To write an input driver, you must first create your owninput module. The sample directory contains asample skeleton for creating a module. We recommend that youuse this as a starting point.
BIOS Service Provider is a Windows driver that controls the Basic Input Output System (BIOS) utility. The latest version of the driver produced by Arima is SW310 1.18. This version is highly compatible with the Windows BIOS and improves system capability.
A module is represented by a data type calledinput_module_t. It contains various datafields and function pointers representing its interface.

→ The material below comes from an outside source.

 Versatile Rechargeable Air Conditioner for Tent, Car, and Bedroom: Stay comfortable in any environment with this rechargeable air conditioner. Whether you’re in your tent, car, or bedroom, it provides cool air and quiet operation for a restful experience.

Driver Provider: Microsoft Driver Section: HIDRawInst.NT Driver Rank: 0xFF1003 Matching Device Id: HIDDEVICEUP:000DU:0004 Outranked Drivers: input.inf:HIDDEVICE:00FF1004 Device Updated: false Parent Device: USB VID04F3&PID2228 5&254a1d21&0&5. 11/2/2017 1:54:45 PM. Device HID VID04F3&PID2228&Col01 6&2ae6402&0&0000 was started. Driver Description Download drivers for Realtek Input Device sound cards (Windows 10 x64), or install DriverPack Solution software for automatic driver download and update Are you tired of looking for the drivers for your devices? A library of over 250,000 device drivers, firmware, BIOS and utilities for Windows.
input_module_t data type
Writing an input module consists of simply creating aninput_module_t representing your module andfilling in the relevant interface functions.
- driver class:
- DEVI_CLASS_KBD — keyboard
- DEVI_CLASS_REL — relative
- DEVI_CLASS_ABS — absolute
- driver layer that this module represents:
- DEVI_MODULE_TYPE_FILTER — filter
- DEVI_MODULE_TYPE_PROTO — protocol
- DEVI_MODULE_TYPE_DEVICE — device
In the sample directory
The code in the sample directory provides lots of commentsdetailing the steps required to initialize your module, andwhat to put in your module's functions.
You'll also find two modules:
- samp_dev — an example of a device module.

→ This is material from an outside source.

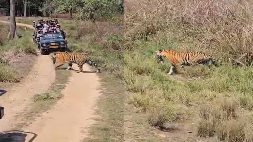 बता दें, टूरिस्ट को यह नजारा कान्हा नेशनल पार्क में बायसन रोड के बड़े घास के मैदान में देखने को मिला. यह मोहिनी की टेरीटरी है. इसे लेकर पार्क के फील्ड डायरेक्टर पुनीत गोयल का कहना है कि यह नजारा प्राकृतिक है. बाघिन बच्चों को एक स्थान से दूसरे स्थान तक ले जाने के लिए उन्हें मुंह में दबाकर चलती है. लेकिन, नवजात को वह छुपाकर रखती है. इसलिए यह दुर्लभ दृश्य पहली बार दिखाई दिया है.

- samp_proto — the MS-mouse protocol code with lots of comments.
You'll also find a README file that providesfurther background info on how the system processes datafrom keyboard and absolute devices.
| In many embedded systems, a combination device/protocolmodule is called for. For details, see the section on“Writing a combination device/protocol module”in this chapter. |
Device modules can pass data in any format they want up toprotocol modules. But protocol modules must pass data ina specific format to filter modules.

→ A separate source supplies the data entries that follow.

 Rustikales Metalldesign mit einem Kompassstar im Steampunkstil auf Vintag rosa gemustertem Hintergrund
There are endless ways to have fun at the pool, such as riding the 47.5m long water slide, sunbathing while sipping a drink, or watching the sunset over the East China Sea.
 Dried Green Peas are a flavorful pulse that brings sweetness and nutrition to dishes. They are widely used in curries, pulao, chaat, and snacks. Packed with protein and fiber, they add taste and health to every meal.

| This protocol module: | Must format data into a: |
|---|---|
| Keyboard | struct packet_kbd |
| Relative | struct packet_rel |
| Absolute | struct packet_abs |
See the header <devi.h> for the format of these structures.All these structures have a timestamp field; you fill them inusing the library call clk_get().
When writing keyboard device modules, keep in mind that theprotocol/filter layers will expect make-and-break scan codesindicating when a key is pressed down and released. Theeasiest thing to do is to map the scan codes your devicesends to the standard PC scan codes. This way you won't haveto make any filter-layer changes — it will all justwork like a normal PC keyboard. Standard PC scan codes areavailable in any PC hardware book.
When passing up a struct packet_kbd to the filter layer, all youneed to do is:
- Fill in the key_scan field of the struct _keyboard_datawith the scan code.
- Fill in the flags field with KEY_SCAN_VALID.
The keyboard filter layer will read in a keyboarddefinition file and interpret the scan codes itreceives based on the contents of this file.
The keyboard definition files are typically kept in thelocation$PHOTON_PATH/keyboard, where$PHOTON_PATH depends on you systemconfiguration (e.g. this might be /usr/photon on your machine).In this directory there's a file calledsample.kdef, which provides a sample definition file. The .kdeffiles are compiled into .kbd files using the utilities kbcvtand mkkbd.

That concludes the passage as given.